As the CBO stated in December 2009:

The legislation would establish an Independent Payment Advisory Board, which would be required, under certain circumstances, to recommend changes to the Medicare program to limit the rate of growth in that program’s spending. Those recommendations would go into effect automatically unless blocked by subsequent legislative action. In its original estimate, CBO wrote that: “Such recommendations would be required if the Chief Actuary for the Medicare program projected that the program’s spending per beneficiary would grow more rapidly than a measure of inflation (the average of the growth rates of the consumer price index for medical services and the overall index for all urban consumers).” That statement is correct for fiscal years 2015 through 2019. After 2019, however, the threshold for Medicare spending growth that would trigger recommendations for spending reductions would be higher—specifically, the rate of increase in gross domestic product (GDP) per capita plus 1 percentage point.

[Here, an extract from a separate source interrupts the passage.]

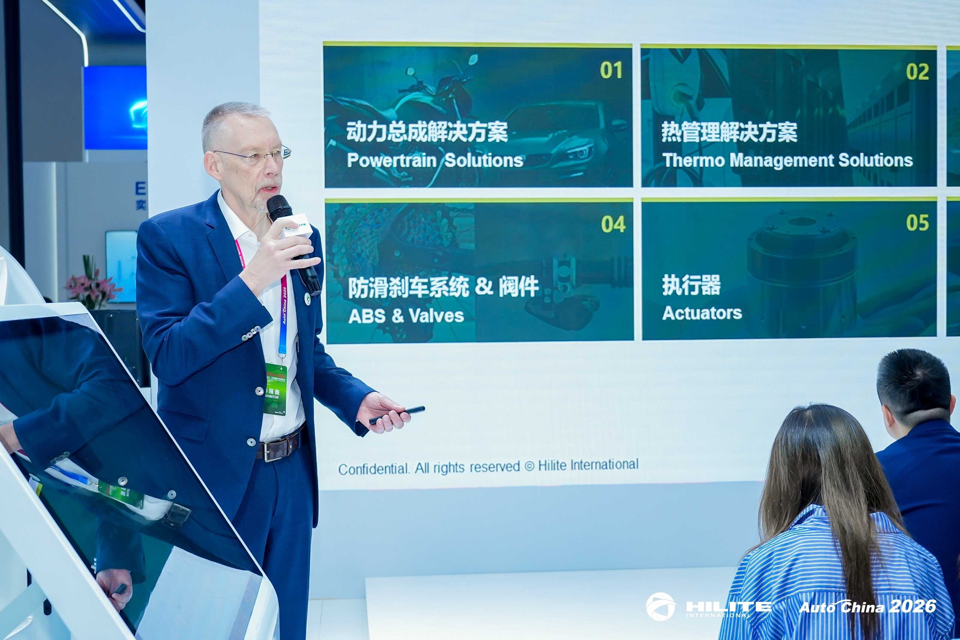 随后,海力达全球工程研发副总裁Dr. Schilling发表主题演讲,深度解读企业在动力总成、热管理、氢能及前瞻技术领域的最新研发成果与全场景技术解决方案。通过多元化产品平台展示,海力达全面展现从核心零部件研发到系统集成落地的全栈技术能力,传递出为全球下一代电动化、多元化出行场景提供核心技术支撑的坚定承诺。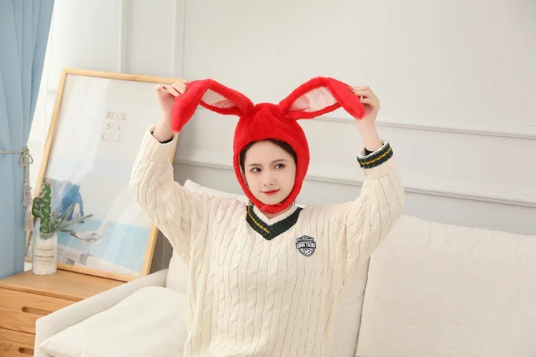Милая шапка для девочек, плюшевый кролик, заячьи ушки, шапка с науш...

With this corrected reading, savings from changes to the Medicare program (along with other changes to direct spending that are not associated directly with expanded insurance coverage) would increase at a rate that is between 10 percent and 15 percent per year during the 2020–2029 period, compared with a growth rate of nearly 15 percent reported in the initial estimate. The long-run budgetary effects of the other broad categories of the legislation are unchanged from the initial estimate. All told, CBO expects that the legislation, if enacted, would reduce federal budget deficits over the decade after 2019 relative to those projected under current law—with a total effect during that decade that is in a broad range between one-quarter percent and one-half percent of GDP. In comparison, the extrapolations in the initial estimate implied a reduction in deficits in the 2020–2029 period that would be in a broad range around one-half percent of GDP. The imprecision of these calculations reflects the even greater degree of uncertainty that attends to them, compared with CBO’s 10-year budget estimates. The expected reduction in deficits would represent a small share of the total deficits that would be likely to arise in that decade under current policies.

In effect the IPAB becomes a de facto rationer of health care for those on Medicare. They are NOT medical practitioners, they are politicians! Have we not learned anything over the past couple of years? Do we really want to leave choices for life saving procedures to those who could not find employment elsewhere?